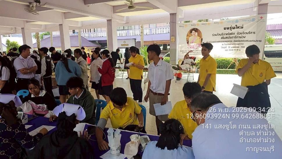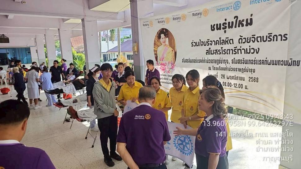 ชนรุ่นใหม่ ร่วมใจบริจาคโลหิต ด้วยจิตบริการ สโมสรอินเทอร์แร็คท์โรงเรียนท่าม่วงราษฎร์บำรุงและสโมสรอินเทอร์แร็คท์โรงเรียนพนมทวนพิทยาคม (View:78)
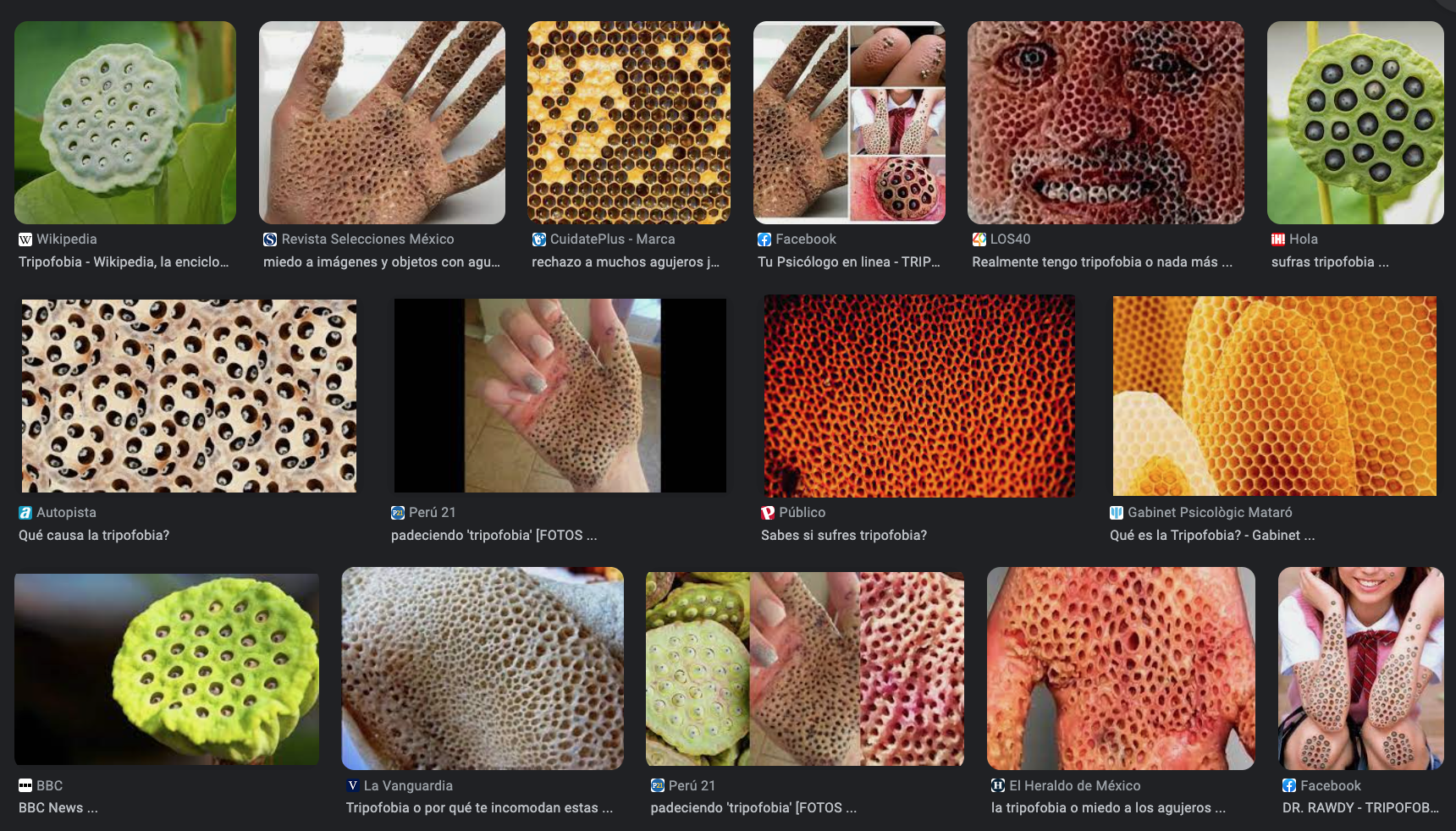 Las causas exactas de la tripofobia aún no se comprenden completamente. Sin embargo, se cree que la exposición a patrones de agujeros repetitivos, como en colmenas o en plantas como el loto, puede desencadenar la fobia en algunas personas. Los síntomas de la tripofobia incluyen ansiedad, náuseas, sudoración y, en algunos casos, ataques de pánico.
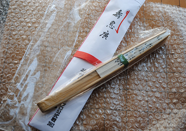 扇子は持ち手が細く、先に向かうにつれて広くなっている。つまり末広がりだと。それで扇子は別名「壽恵廣」と称するのだそうで。ひとつ勉強しました。
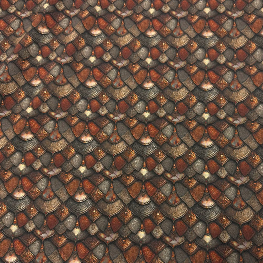 Gold and Brown Metal Scales on Organic Cotton Stretch French Terry Fabric
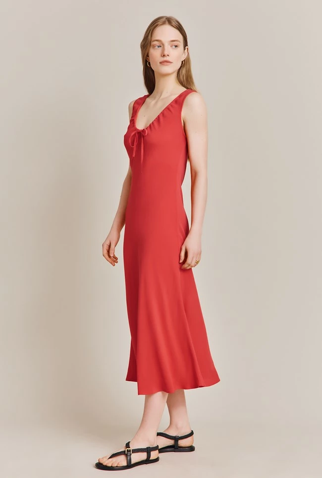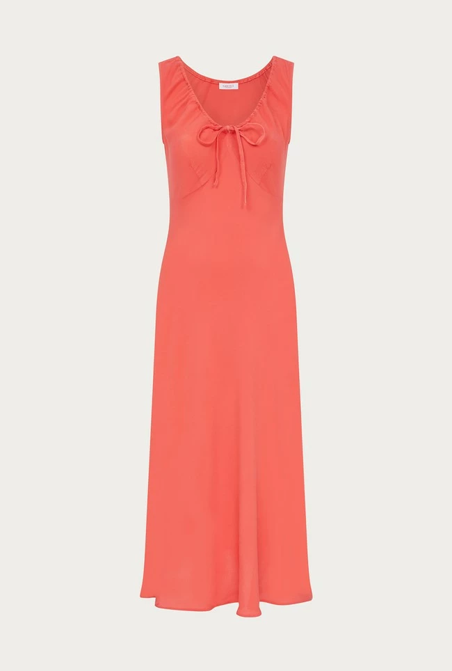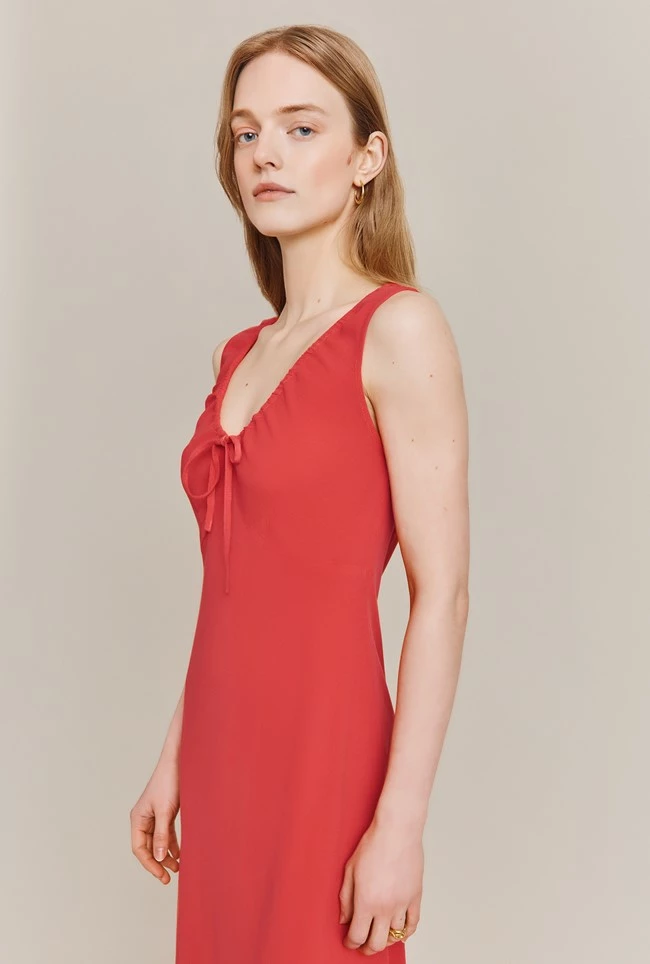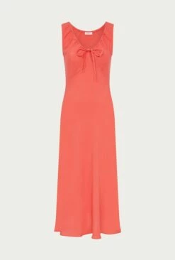 A midi-length stunner, Trixie features a deep round neckline and tie bust detail that offers a chic and sophisticated look. The empire line bust and wide straps provide both comfort and style. Made from high-quality crepe, this dress is perfect for any occasion this summer.
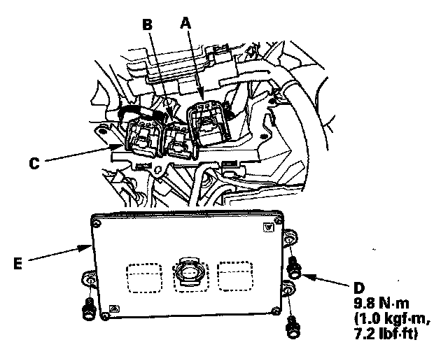 NOTE: PCM connectors A, B, and C have symbols (A=[], B=/\, C=O) embossed on them for identification.
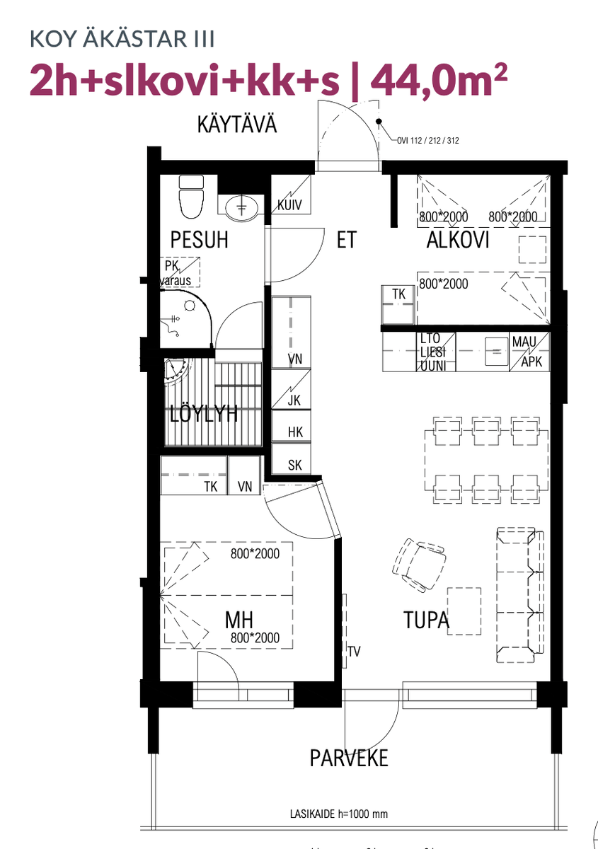 | Huoneistoselitelmä | 2h+alkovi+kk+s |

===

TASK DETAILS: Exactly reproduce the lines above, starting at the one that contains "扇子は持ち手が細く、先に向か" and ending at the one that contains "Gold and Brown", both inclusive; leave the pictures out and add no other lines.

OUTPUT OF THE TASK:
 扇子は持ち手が細く、先に向かうにつれて広くなっている。つまり末広がりだと。それで扇子は別名「壽恵廣」と称するのだそうで。ひとつ勉強しました。
 Gold and Brown Metal Scales on Organic Cotton Stretch French Terry Fabric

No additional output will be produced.